Чак был очень похож на змея, изображённого на иллюстрации. И, судя по произошедшему, Чак позволил Габриэлю использовать свою силу, поэтому Габриэль переместился в это удивительно место. Но на открывшемся развороте говорилось, что змей может давать только один дар, а Чак продемонстрировал два. Дар света и дар телепортации.

Габриэль надел перчатки и вновь попытался взять книгу. Пальцы кололо, но эта боль оказалась терпимой. Мгновенно, быстрее, чем произошла телепортация, Габриэль провалился сквозь буквы в реальность иных миров, волшебства и сокровенных тайн магии. Возле лампы стояло кресло, куда он и сел. Он хватал с полки книги и ставил на место, при этом из его памяти выпадал сам процесс перехода от книги к книге, от стеллажа к креслу.
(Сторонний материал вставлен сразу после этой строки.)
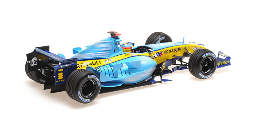 FULLY ASSEMBLED RESIN MODEL MINICHAMPS RENAULT F1 TEAM R25 FERNANDO ALONSO 3RD PLACE BRAZIL GP WORLD CHAMPION 2005 SCALE 1/18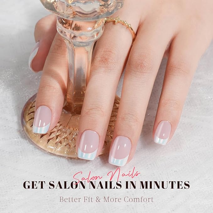 - 【Get Salon Nails in Minutes】This press-on nail kit contains 32 pcs false nails in 16 sizes. Our short french tip press on nails are made with a handmade process using gel polish for a natural look. You can get salon-like nails in just 10 minutes. NOTE: THIS KIT DOES NOT COME WITH GLUE, ONLY PRESS-ON NAILS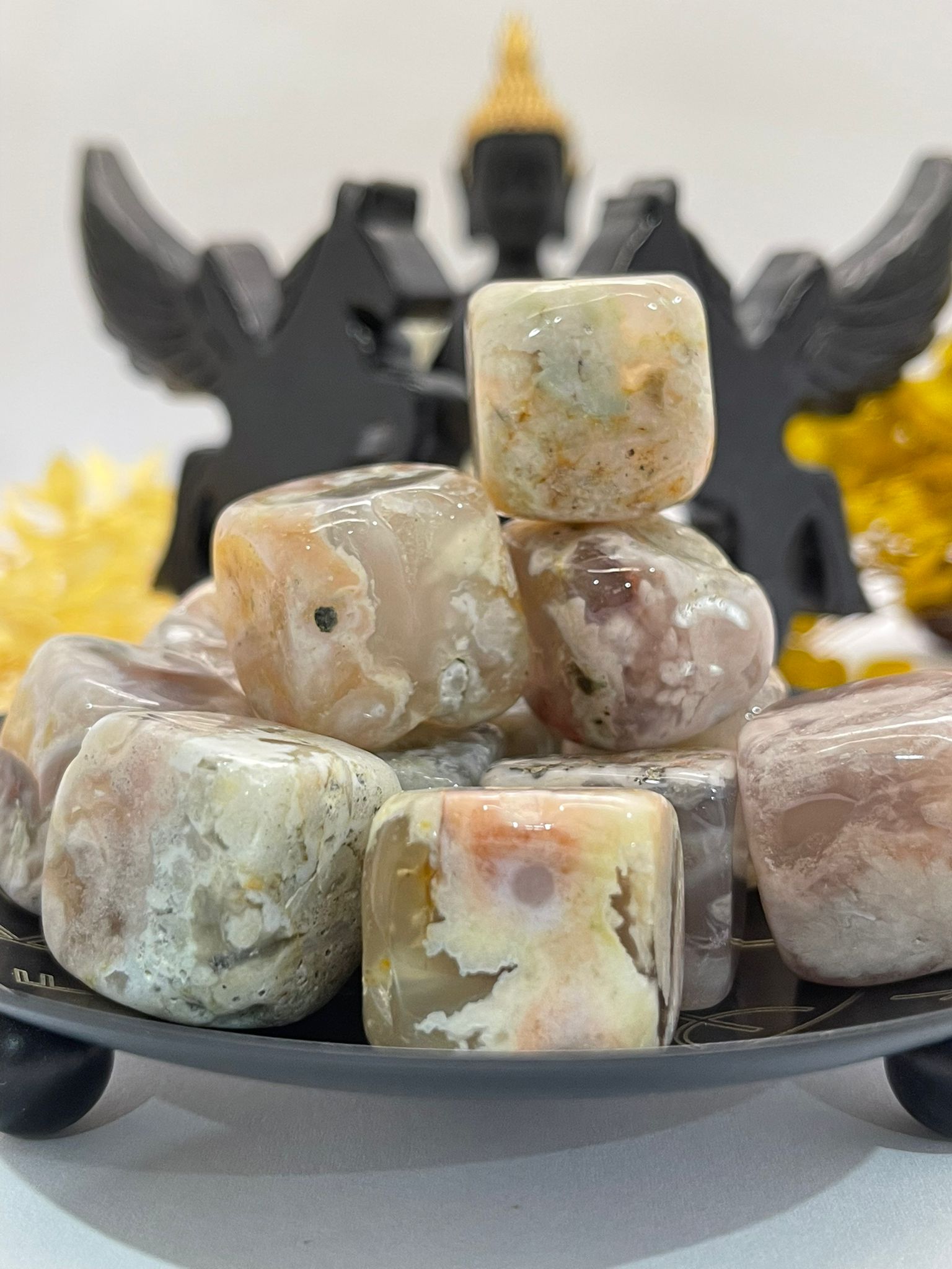 Flower Agate aids in reaching our fullest potential, shielding us from fears and self-doubt. It encourages us to manifest and cultivate our dreams. The energy of Flower Agate kindles a passion for pursuing dreams and living life to its fullest extent.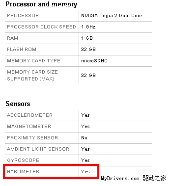 在摩托羅拉的開發(fā)者頁面中,摩托羅拉給出了Xoom的詳細(xì)配置,其中傳感器芯片中竟然出現(xiàn)了氣壓感應(yīng)裝置,這在手機(jī)和平板機(jī)設(shè)備中非常少見。這種感應(yīng)裝置可以通過對周圍的氣壓進(jìn)行感測,從而提供更準(zhǔn)確的天氣信息以及所處高度。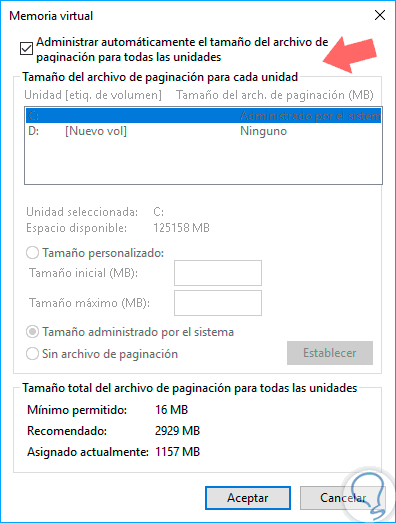 Procedemos a demarcar la casilla “Administrar automáticamente el tamaño del archivo de paginación para todas las unidades” y luego activar la casilla “Tamaño personalizado” e ingresar los valores mínimos y máximos en los campos respectivos, estos valores están representados en MB. Una vez definidos los valores pulsamos en los botones Aplicar y Aceptar para guardar los cambios.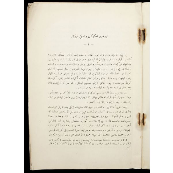 Necip Asım’ın bu eserinde Eski Türklere ait bilgiler, Göktürkçe dil bilgisi kuralları, Türkolog Radloff’un bir makalesi ile Bilge Kağan ve Kül Tigin Yazıtlarının çevirileri bulunmaktadır. Orhun yazıtlarını Türklere tanıtan ilk kaynak olması sebebiyle büyük öneme sahiptir.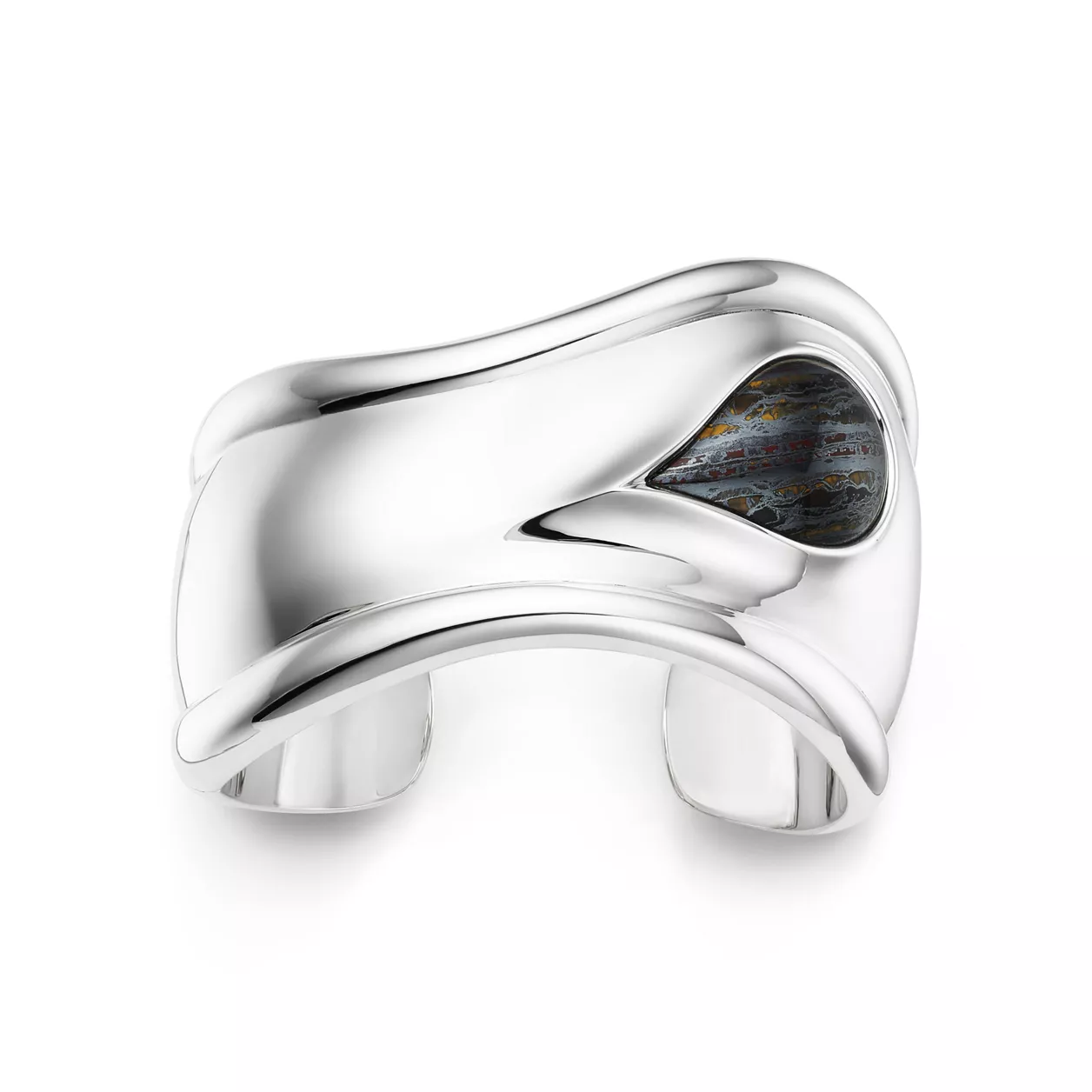 A nod to the sublime beauty found in nature, Elsa Peretti® carved stone Bone cuffs are expertly made by master craftspeople, who hand carve and inlay each stone. Powerfully feminine with an effortless ease, the groundbreaking Bone cuff design was first introduced in the 1970s. A twist on this iconic design, this sterling silver Bone cuff honours the beauty of hand-set tiger iron and reflects the designer's passion for smooth, sculpted surfaces.

Разум блуждал где-то за стройными рядами букв, тело же изнемогало от усталости.

«…змея — символ изворотливости и ядовитого коварства. Счастлив тот человек, что продал душу Топям в обмен на покорных слуг. Тёмные змеи защитят остатки его существа и помогут вершить грехи на истребление живого».

Время словно ускорилось. Габриэль был уверен, что не покинет этого места, где бы оно не находилось, пока не прикоснётся к каждой книге, не прочтёт из каждой хотя бы несколько строк. За какую бы книгу он не брался, в каждой звучал тон тёмной пропаганды, как всемогущ маг, имеющий змея и как жалок обычный волшебник. В помещении не было ни часов, ни окон, чтобы определить, сколько времени Габриэль находится тут. Только книги, стеллажи, кресло и лампа. Габриэлю казалось, что прошло несколько минут. Когда он поднялся с кресла, чтобы поставить книгу на полку, ощутил головокружение и тут же рухнул обратно. Ломота в шее и плечах вернула его в реальность, к тому же испытывал голод, жажду и острое желание посетить уборную. Он отложил книгу и огляделся в поисках выхода. Почти сразу заметил дверь. Тело отзывалось болью на каждый шаг, шея затекла, ноги болели. Чак, который каким-то образом успел усесться на плечах Габриэля, был весь пыльный, словно год провалялся под диваном.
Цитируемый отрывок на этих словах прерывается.